Only the lines from the top of the records below through the line containing "Primele cinci tari" should be printed, exactly and without pictures.

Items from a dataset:
※ ※ ※
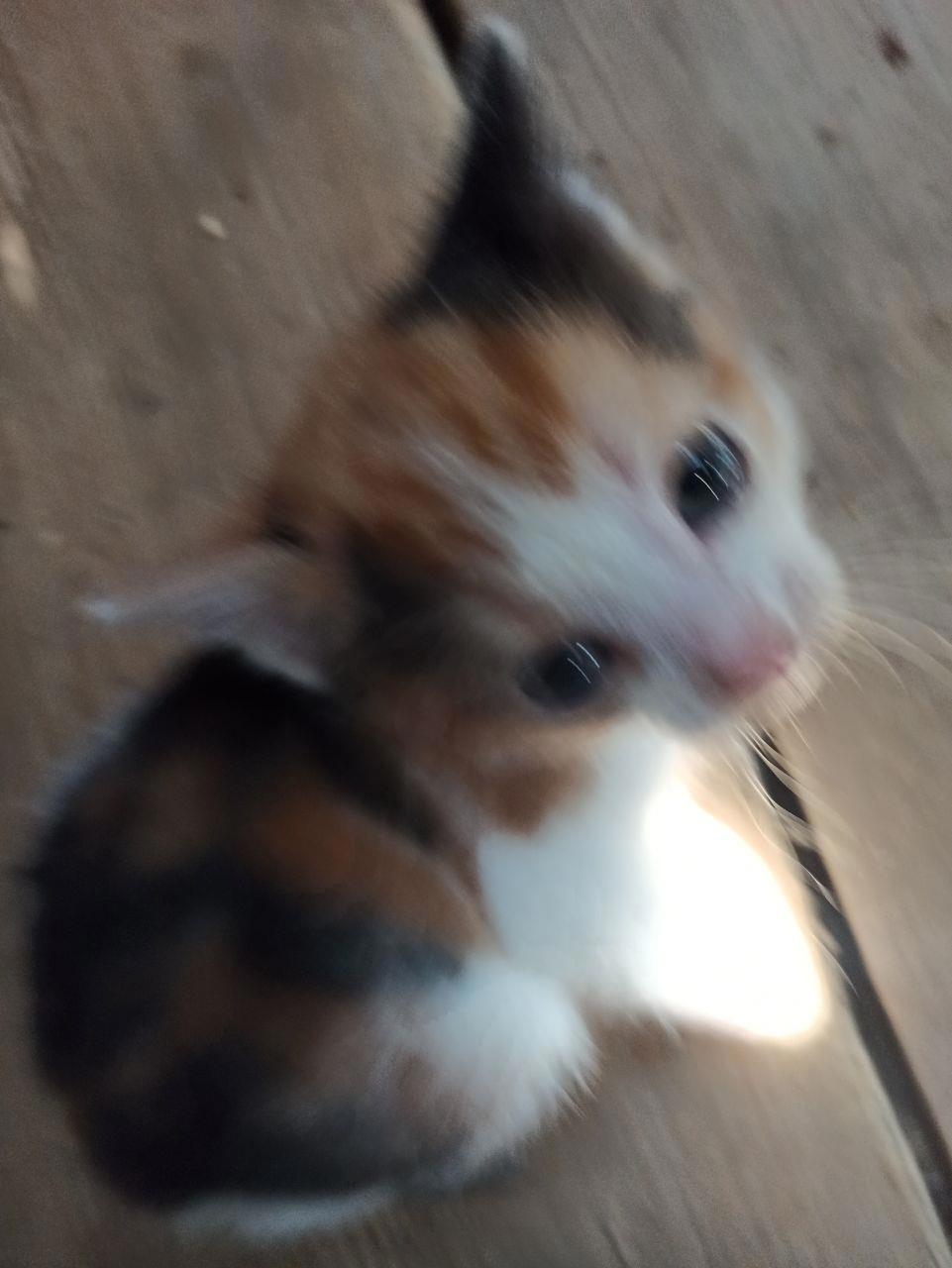 Отловить девицу получилось без проблем. Вся семья, налопавшись сухого корма, испарилась в неизвестном направлении, а трехцветочка легла поспать на солнышке в дровянике, где и была мною схвачена и посажена в коробку.
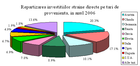 Primele cinci tari clasate în functie de ponderea detinuta în soldul investitiilor straine directe la 31 decembrie 2006 sunt: Austria (care detine o pondere de 23% din total, cu o crestere semnificativa a ponderii fata de anul 2005 când detinea 15% din soldul investitiilor straine directe în România), Olanda (17,1% în anul 2006, în scadere ca pondere, de la 19,5% în anul 2005), Germania (10,1%) si Franta (8%) care îsi mentin ponderile comparativ cu anul 2005, Grecia (7,8%, pondere în scadere usoara fata de anul 2005).
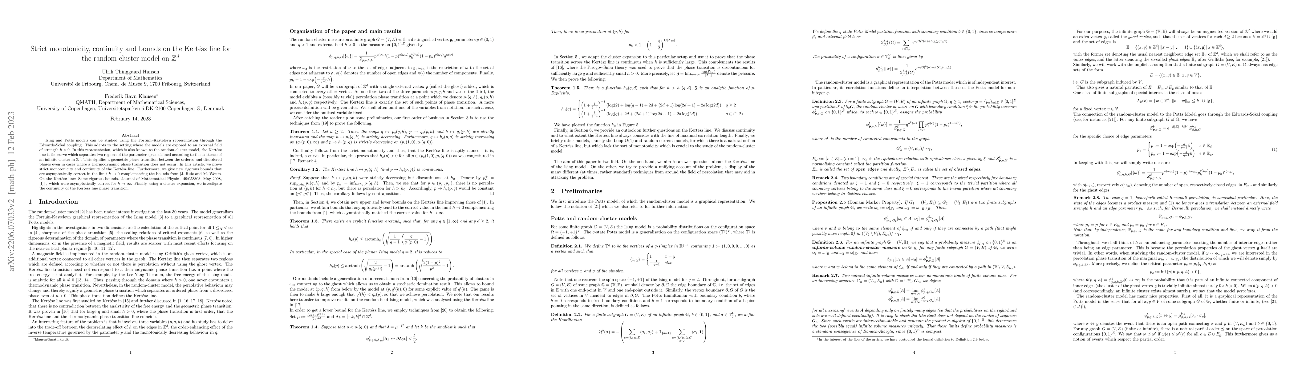 Ising and Potts models can be studied using the Fortuin-Kasteleyn representation through the Edwards-Sokal coupling. This adapts to the setting where the models are exposed to an external field of strength $h>0$. In this representation, which is also known as the random-cluster model, the Kert\'{e}sz line separates the two regions of parameter space according to the existence of an infinite cluster in $\mathbb{Z}^d$. This signifies a geometric phase transition between the ordered and disordered phases even in cases where a thermodynamic phase transition does not occur. In this article, we prove strict monotonicity and continuity of the Kert\'{e}sz line. Furthermore, we give new rigorous bounds that are asymptotically correct in the limit $h \to 0$ complementing the bounds from the work of Ruiz and Wouts [J. Math. Phys. 49, 053303 (2008)], which were asymptotically correct for $h \to \infty$. Finally, using a cluster expansion, we investigate the continuity of the Kert\'{e}sz line phase transition.
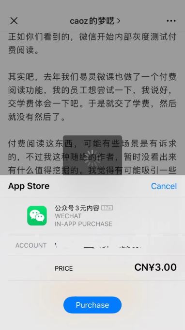 Unlike tipping, the new paywall feature entitles Apple to its standard 30% cut of in-app transactions. That means transfers for paid content will go through Apple’s in-app purchase (IAP) system rather than WeChat’s own payments tool, as is the case with tipping. It also appears that only users with a Chinese Apple account are able to pay for WeChat articles. TechCrunch’s attempt to purchase a post using a U.S. Apple account was rejected by WeChat on account of the transaction “incurring risks or not paying with RMB.”
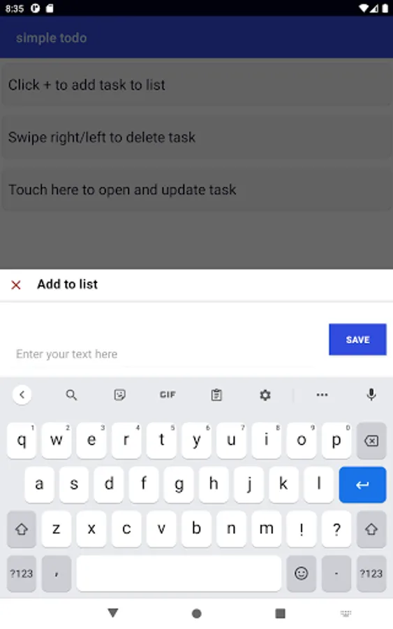Simple todo app is a single todo list application which is easy to maintain and to keep all your thoughts in a single place.
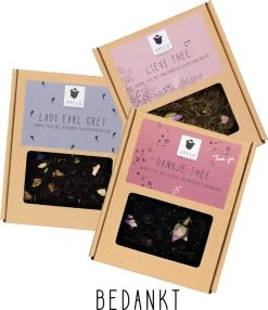 De drie theedoosjes zitten verpakt in een foliezak en wordt geleverd met een cadeaukaartje waar u een korte boodschap op kan schrijven.
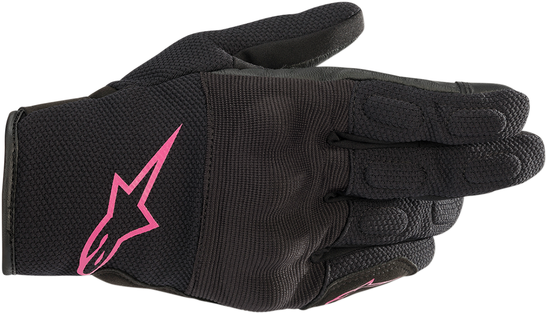 Stella S-Max Drystar® Gloves - Black/Fuchsia - Medium Stella S-Max Drystar® Gloves Anatomically profiled for an optimized female fit Short sport glove constructed from a mixture of leather and stretch mesh for high levels of durability Ergonomic stretch insert on palm for added rider comfort Drystar® waterproof and breathable technology offers effective all-weather protection against the elements Palm reinforcement for superior grip Covered hard knuckle with padded finger for enhanced levels of impact protection Side reinforcements for added protection
※ ※ ※
- [ANSWER BELOW]
 Отловить девицу получилось без проблем. Вся семья, налопавшись сухого корма, испарилась в неизвестном направлении, а трехцветочка легла поспать на солнышке в дровянике, где и была мною схвачена и посажена в коробку.
 Primele cinci tari clasate în functie de ponderea detinuta în soldul investitiilor straine directe la 31 decembrie 2006 sunt: Austria (care detine o pondere de 23% din total, cu o crestere semnificativa a ponderii fata de anul 2005 când detinea 15% din soldul investitiilor straine directe în România), Olanda (17,1% în anul 2006, în scadere ca pondere, de la 19,5% în anul 2005), Germania (10,1%) si Franta (8%) care îsi mentin ponderile comparativ cu anul 2005, Grecia (7,8%, pondere în scadere usoara fata de anul 2005).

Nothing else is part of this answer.